Fluff -- Children learn critical lessons about how to recognize and deal with highly charged emotions in the context of playing with their fathers.
Fact: Children learn the very same lessons playing with anyone. Contrary to the implication in Horn's misinformation, above, Pleck's research has found the following: Mothers and fathers influence their children in similar ways with regard to the development of morality, competence in social interactions, academic achievement, and mental health.
Fluff -- Children with an involved father have more varied social experiences and are more intellectually advanced than those who only have regular contact with their mother.
Fact: Contrary to the implication above, long-time fatherhood exaltation advocate Biller actually refers only to "father involvement" in the context of an intact home -- even he cannot characterize the research as unequivocably supporting father involvement by divorced and unmarried men. Biller is perhaps best known for his decades of research-cum-hand-wringing to the effect that a lack of paternal influence can cause boys to be either overly aggressive or effeminate. Biller admits, however, that fathers in intact U.S. households spend, on average, less than thirty minutes per day in one-on-one time with their children. (And the definition of "more varied social experiences"? Ah come on...)
Fact: "[C]hildren who have had no contact with their fathers in more than a year are more likely to be involved in extracurricular activities than children who have seen their fathers in the past year but whose fathers participated in none of the school activities. Part of the explanation for this pattern may be that children are spending time with their nonresident fathers instead of participating in extracurricular activities."
Fact: "Lessing, Zagorin, and Nelson (1970) found children in father-absent households had lower IQ, verbal, and performance scores than children in father-present households [but] Hunt and Hunt (1977) found race and class were factors in related variables such as aspirations, with lower income children having lower aspirations. According to Mott (1994), girls are more likely to be helped with poor school performance if the father is not in the home... Assessing intellectual functioning in relation to family structure is difficult at best... Although children of divorce experience disruption of academic performance in the aftermath, within two years most children return to their normal patterns of performance. Boys experience greater disruption and girls experience greater recovery of their academic performance... [G]irls' experience challenges to their emotional stability, but their school success is somewhat enhanced by father absence."
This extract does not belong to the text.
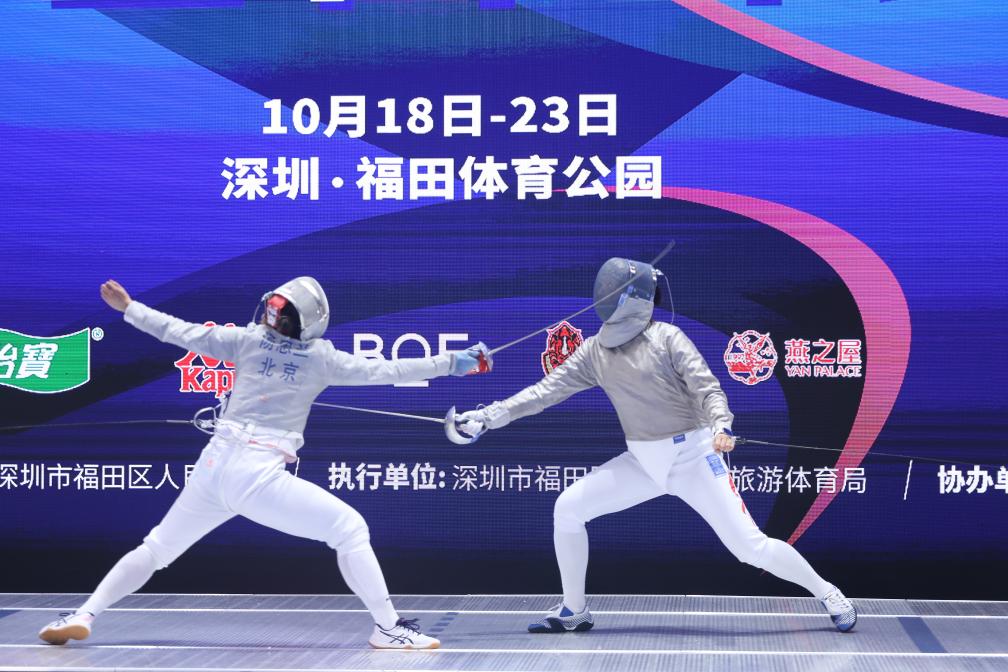 湯恩蘭(左)在女子佩劍個(gè)人決賽中對(duì)陣邵雅琦。圖片來(lái)自中國(guó)擊劍協(xié)會(huì)

Fact: "Using data from four national surveys, Biblarz and Raftery (1999) show that mother-absence is much more detrimental than father-absence to children's educational and occupational attainment. They find that once parents' socioeconomic status is taken into account, children raised by single mothers are much better off than children raised by single fathers or fathers and stepmothers, and are just as likely to succeed as children raised by both birth parents. Biblarz and Raftery conclude that the pattern of effects across family types and over time is consistent with an evolutionary perspective which emphasizes the importance of the birth mother in the provision of children' resources (Trivers 1972). According to this view, children raised by their birth mothers do better than children raised apart from their birth mothers. Furthermore, being raised by a single birth mother is better than being raised by a birth mother and step father since step fathers compete with children for mother's time and lower maternal investment."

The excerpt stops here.